Eroxon^® Intense

One of the Company's strategic priorities is to broaden its product range, leveraging its innovative and experienced R&D capability whilst being mindful of costs and focusing on return on investment for shareholders. 

Eroxon^® Intense will provide a  range extension for the current Eroxon^® product and acts as an additional treatment option for men who have erectile dysfunction, helping those men that may prefer a stronger and faster sensorial action from Eroxon^®.

Marketing experience with Eroxon^® has shown that whilst many men are satisfied with the current sensorial effect of the product, some men would prefer a stronger sensation. Eroxon^® Intense will help those men, thereby broadening the existing Eroxon^® range.

The further study which concluded in March 2025 is a pivotal claim support study in 45 healthy male subjects aged 18-70 years in the UK. The study was a blinded, comparator controlled crossover design with a randomised treatment sequence and compared the chosen formula from the smaller sensory study conducted in 2024, referred to as Eroxon^® Intense with Eroxon^®. The results strongly support the previous study findings. The results showed statistically significantly stronger sensation for Eroxon^® Intense, observed within 15 seconds of application up to 10 minutes from application vs Eroxon^®. There was a low incidence of adverse events for both treatment groups.

The study, completed in March 2026, compared the new Intense formulation with current Eroxon^® over 4 weeks in 223 subjects (112 tested Eroxon^® and 111 tested Eroxon^® Intense). Subjects were male, 18-59 years of age and 94% assessed as suffering from mild to moderate erectile dysfunction. In this selected demographic, both Eroxon^® and Eroxon^® Intense were shown to have high efficacy rates. Subjects stated that they were satisfied with the hardness of their erection in 70% and 71% of their sexual encounters using Eroxon^® or Eroxon^® Intense, respectively. Subjects also recorded that their erections lasted long enough to have sexual intercourse in 84% and 85% of encounters, respectively.

Using the clinically validated and most widely used measure of erection functionality (the IIEF-EF scale5), subjects in both groups showed a highly significant and clinically important improvement in their erectile function. The improvement versus baseline (pre-treatment) was at least as good as reported in the Phase 3 clinical study FM71, which was used to obtain regulatory approval in the US. The study also showed that when either Eroxon^® or Eroxon^® Intense was applied onto the study participant by their partner it increased effectiveness and showed significantly higher erection maintenance. The study confirmed the sensorial enhancement of Eroxon^® Intense over Eroxon^® with statistically significant greater intensity during the first two minutes after application. Both products were well tolerated in men and their female partners.

Both formulations received favourable 4-star or 5-star ratings in 49% and 53% of subjects for Eroxon^® and the Eroxon^® Intense formulation respectively. Over 50% of study participants said they would be somewhat or very likely to purchase either product.

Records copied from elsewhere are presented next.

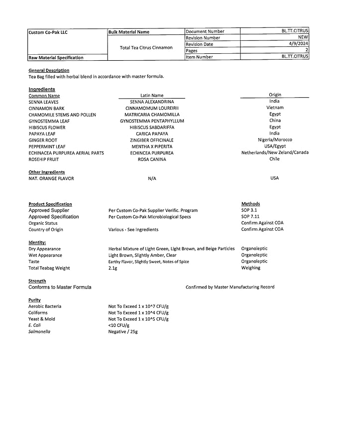 - Tea Bags - Promote a healthy gut so good bacteria can flourish. Diet Tea combines the effects of cinnamon herbal tea and constipation tea in 1 tasty Citrus Cinnamon tea blend. Start your day fresh and rejuvenated with our everyday detox tea, designed to cleanse your system and promote overall well-being.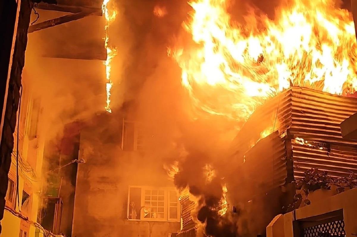 “Despite hours of intense firefighting, the fire reduced nine houses and a godown to ashes, while several adjoining structures suffered partial damage.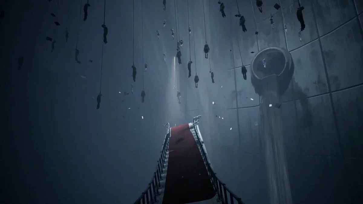 Двигаемся вдоль манекенов и выходим к мосту с подвешенными куклами. Идём вперёд и оказываемся рядом с большим количеством манекенов.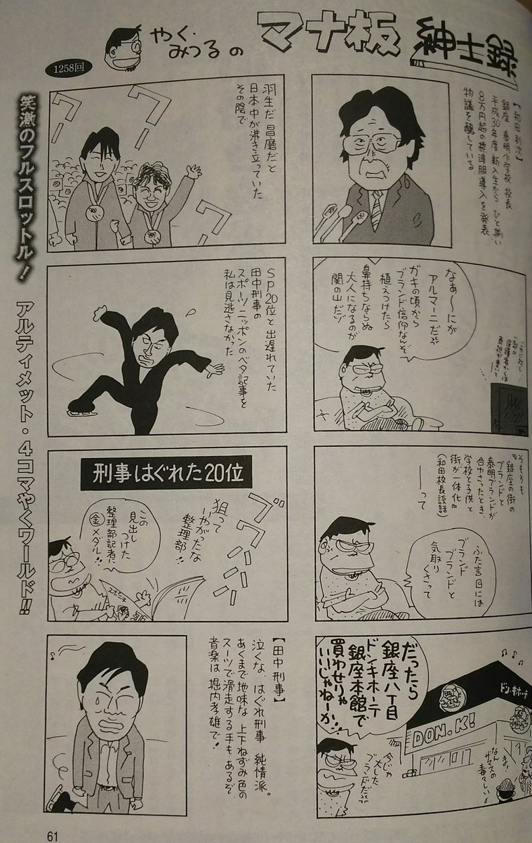 やくみつる の用例・例文集 今ではほとんどの作品においてやくみつる名義で執筆している。そのうち、選考委員の一人であるやくみつるは批判の対象になることが多い。やくみつるのように4コマ漫画家が一コマ漫画にも手を染める例もある。大洋ファンのやくみつるは、当時この件を自身の4 >やくみつる大嫌いおじさん やくみつるが好きな人なんているの? 17 無念 Name としあき (水) No そうだねx7

In summary, the HUT study confirmed that a more targeted approach of marketing to consumers under 60 years of age with mild to moderate ED will likely lead to higher efficacy and satisfaction rates and thus higher in-market repeat purchase rates. Encouraging users to use the product with their partners as part of foreplay will likely also improve the overall product experience. The Eroxon^® Intense formulation will appeal to those consumers seeking a more rapid or stronger sensorial effect, especially in younger age groups.

Futura will be utilising the prior regulatory approvals already in place in the EU and USA. Data necessary to support regulatory filings for Eroxon^® Intense in Europe and the USA has been generated and a "Special" 510K submission has been filed with the US FDA. In the EU Eroxon^® Intense is within scope of the existing device registration for Eroxon^® and only requires Futura to update the technical documentation we maintain for the EU and UK registrations. Market launch clearance is expected in June 2026 in the EU/UK and regulatory clearance in the US is expected in Q3 2026. Eroxon^® Intense will be covered under Futura's existing intellectual property.

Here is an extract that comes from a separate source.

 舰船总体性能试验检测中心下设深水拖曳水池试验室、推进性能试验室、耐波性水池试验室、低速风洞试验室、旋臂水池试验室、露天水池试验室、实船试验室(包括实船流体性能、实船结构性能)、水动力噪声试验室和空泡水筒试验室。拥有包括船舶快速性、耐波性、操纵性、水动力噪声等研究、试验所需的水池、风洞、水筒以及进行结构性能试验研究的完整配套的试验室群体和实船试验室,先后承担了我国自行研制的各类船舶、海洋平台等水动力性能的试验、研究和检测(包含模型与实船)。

Eroxon^® Intense offers the opportunity for commercial partners to expand the reach and appeal of the Eroxon^® portfolio to offer additional benefits to consumers. We are working with our manufacturing partners to establish the supply chain for Eroxon^® Intense and expect Eroxon^® Intense to be available in its first markets from early 2027. As part of the forthcoming launch of Eroxon^® Intense, the Group is undertaking a review of the brand architecture, optimal positioning and claims for both products and other elements of the brand and product range to ensure it is aligned with consumer needs and expectations.